**DATASET EXTRACT**:
::::::::
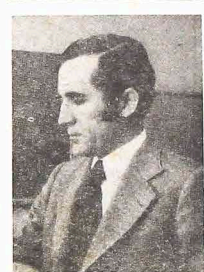
Prezydent Portugalii Ramalho Eanes usłyszał opinie Brazylii. Celem tej wizyty jest zwiększenie wymiany handlowej między obu krajami. Eanes odbędzie rozmowę m. in. z gen. Figueiredo.
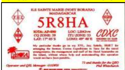
Nosy Boraha AF090
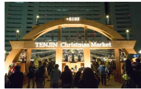
天神クリスマスマーケット（12/4～25）
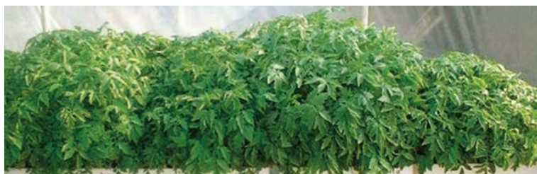
Figura 2. Aspecto de las plántulas de jitomate ( Solanum lycopersicum Mill., var. Juanita) inoculadas con cepas de Azospirillum al tiempo del trasplante (71 DDS).

como resultado de la elongación celular y asimilación del carbono por fotosíntesis. Uno de los fitoreguladores relacionados con el incremento en el contenido de clorofila, promoción indirecta de la biogénesis de cloroplastos y estimulación de la tasa fotosintética son las giberelinas (Jiang et al. , 2012), comúnmente producidas por el género Azospirillum (Perrig et al. , 2007). Al respecto, se ha reportado que la inoculación de plántulas de trigo con Azospirillum , incrementa la cantidad de varios pigmentos fotosintéticos (Bashan et al. , 2006). Este resultado, puede representar ventajas durante la producción de plantas que pasan por un periodo de almácigo, ya que estas plantas deben estar sanas y vigorosas, con buena formación de raíz, hojas y con tallos gruesos para soportar eficientemente el estrés producido durante el trasplante (Grime, 1979; Leskovar y Cantliffe, 1991; Chapin III et al. , 2002) (Figura 2).
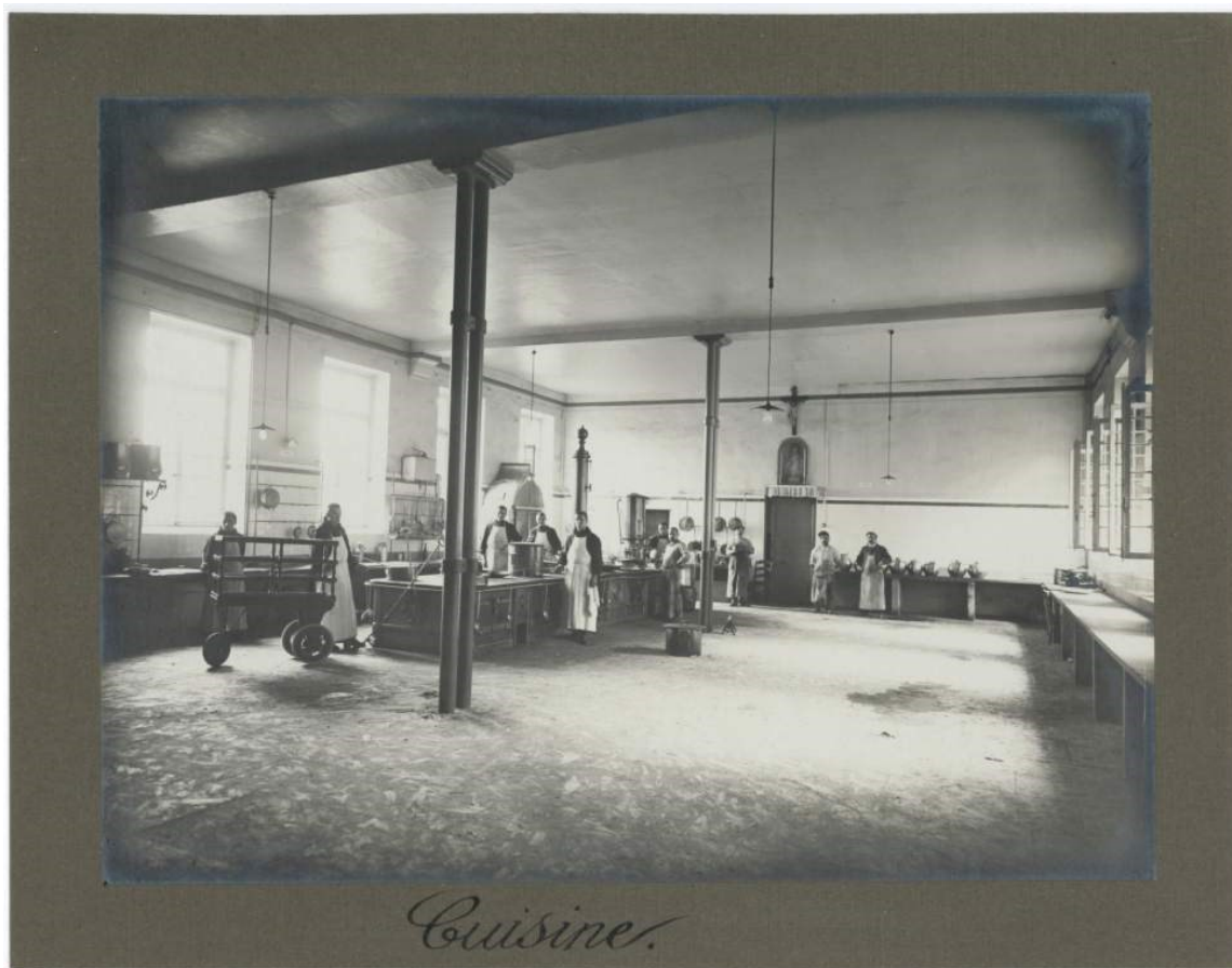
Crédit photo : Archives de l'Ordre de Saint-Jean-de-Dieu, les cuisines, 1925.
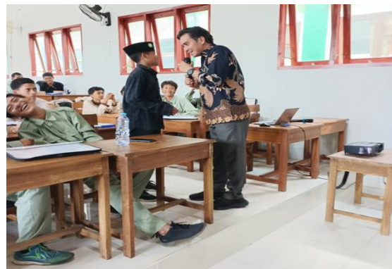
Pemberian materi sosialisasi dasar keselamatan penerbangan
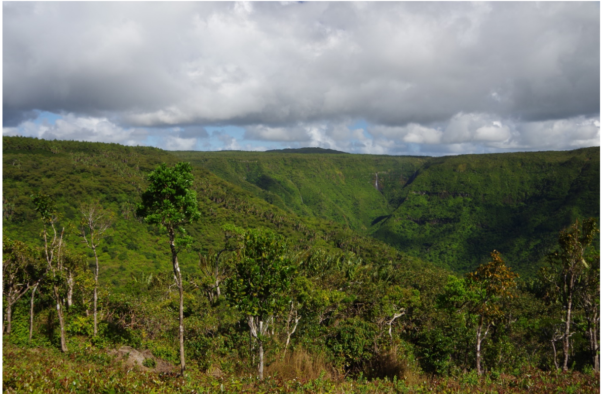
Blick in die Black River Schlucht

spektakulären Aussichten. An einer markanten Wegkreuzung biegt man nach links ab (GPS-Punkt S20 23.960, E57 27.474). Nun folgt man dem breiten Weg weitere zwei Kilometer. Immer wieder laden Aussichtspunkte zum Verweilen ein. Am GPS-Punkt S20 23.847, E57 26.799 zweigt der Maccabee-Forest-Trail nach links ab. Hier beginnt eine etwas schwierigere Phase, die leider bei nassem Wetter kaum begehbar ist. Empfehlenswert ist jedoch, zunächst dem GPS-Track bis zum Macchabee-Aussichtspunkt (S20 23.602, E57 26.418) zu folgen. Hier öffnet sich die Black River Schlucht in Richtung des Meeres, und man weiß nicht so recht, wo man vor Faszination zuerst hinschauen soll. Linker Hand erhebt sich der Black River Peak. Es ist der mit 828 Metern höchste Berg von Mauritius.
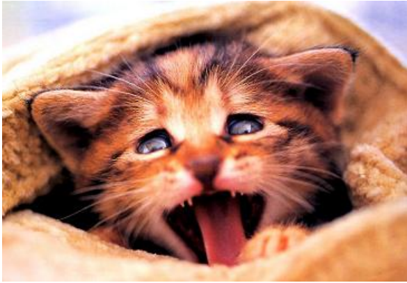
Der Morgen danach brachte den Schock – Warum brennt meine Kehle so viel?
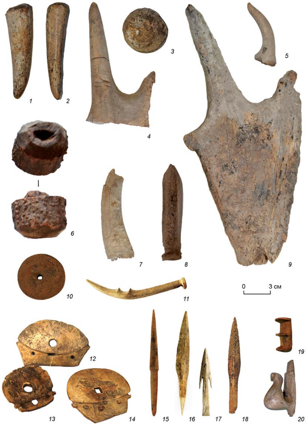
Рис. 2. Заготовки и отходы косторезного производства, орудия из кости и рога из зольника поселения Степное (1–10, 15) и могильника Степное-1 (16–20).

невых пород. Следы каменной индустрии в целом очень незначительны. Подавляющее большинство артефактов из кости являются заготовками, костями и рогом со следами спилов (рис. 2, 1–9). Среди глиняных предметов основная масса – недоделан-
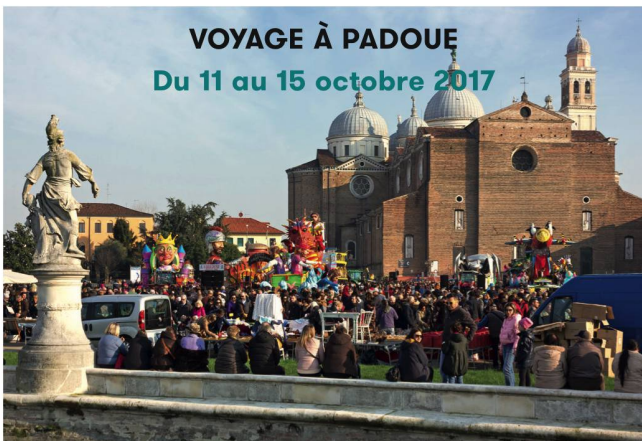
VOYAGE À PADOUE Du 11 au 15 octobre 2017
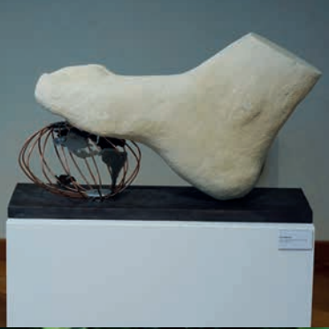
HEINZ BREHM Windisch, CH Fussabdruck, 2024 Savonnière-Kalkstein, Stahl, Holz
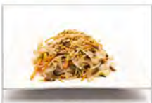
140 SPAGHETTI THAILENDESE 5.50€ saltati con manzo e verdure
::::::::
**PROBLEM TO WORK ON**:
Please set the data above down exactly, with the pictures removed.

**EXERCISE RESULT**:
Prezydent Portugalii Ramalho Eanes usłyszał opinie Brazylii. Celem tej wizyty jest zwiększenie wymiany handlowej między obu krajami. Eanes odbędzie rozmowę m. in. z gen. Figueiredo.
Nosy Boraha AF090
天神クリスマスマーケット（12/4～25）
Figura 2. Aspecto de las plántulas de jitomate ( Solanum lycopersicum Mill., var. Juanita) inoculadas con cepas de Azospirillum al tiempo del trasplante (71 DDS).

como resultado de la elongación celular y asimilación del carbono por fotosíntesis. Uno de los fitoreguladores relacionados con el incremento en el contenido de clorofila, promoción indirecta de la biogénesis de cloroplastos y estimulación de la tasa fotosintética son las giberelinas (Jiang et al. , 2012), comúnmente producidas por el género Azospirillum (Perrig et al. , 2007). Al respecto, se ha reportado que la inoculación de plántulas de trigo con Azospirillum , incrementa la cantidad de varios pigmentos fotosintéticos (Bashan et al. , 2006). Este resultado, puede representar ventajas durante la producción de plantas que pasan por un periodo de almácigo, ya que estas plantas deben estar sanas y vigorosas, con buena formación de raíz, hojas y con tallos gruesos para soportar eficientemente el estrés producido durante el trasplante (Grime, 1979; Leskovar y Cantliffe, 1991; Chapin III et al. , 2002) (Figura 2).
Crédit photo : Archives de l'Ordre de Saint-Jean-de-Dieu, les cuisines, 1925.
Pemberian materi sosialisasi dasar keselamatan penerbangan
Blick in die Black River Schlucht

spektakulären Aussichten. An einer markanten Wegkreuzung biegt man nach links ab (GPS-Punkt S20 23.960, E57 27.474). Nun folgt man dem breiten Weg weitere zwei Kilometer. Immer wieder laden Aussichtspunkte zum Verweilen ein. Am GPS-Punkt S20 23.847, E57 26.799 zweigt der Maccabee-Forest-Trail nach links ab. Hier beginnt eine etwas schwierigere Phase, die leider bei nassem Wetter kaum begehbar ist. Empfehlenswert ist jedoch, zunächst dem GPS-Track bis zum Macchabee-Aussichtspunkt (S20 23.602, E57 26.418) zu folgen. Hier öffnet sich die Black River Schlucht in Richtung des Meeres, und man weiß nicht so recht, wo man vor Faszination zuerst hinschauen soll. Linker Hand erhebt sich der Black River Peak. Es ist der mit 828 Metern höchste Berg von Mauritius.
Der Morgen danach brachte den Schock – Warum brennt meine Kehle so viel?
Рис. 2. Заготовки и отходы косторезного производства, орудия из кости и рога из зольника поселения Степное (1–10, 15) и могильника Степное-1 (16–20).

невых пород. Следы каменной индустрии в целом очень незначительны. Подавляющее большинство артефактов из кости являются заготовками, костями и рогом со следами спилов (рис. 2, 1–9). Среди глиняных предметов основная масса – недоделан-
VOYAGE À PADOUE Du 11 au 15 octobre 2017
HEINZ BREHM Windisch, CH Fussabdruck, 2024 Savonnière-Kalkstein, Stahl, Holz
140 SPAGHETTI THAILENDESE 5.50€ saltati con manzo e verdure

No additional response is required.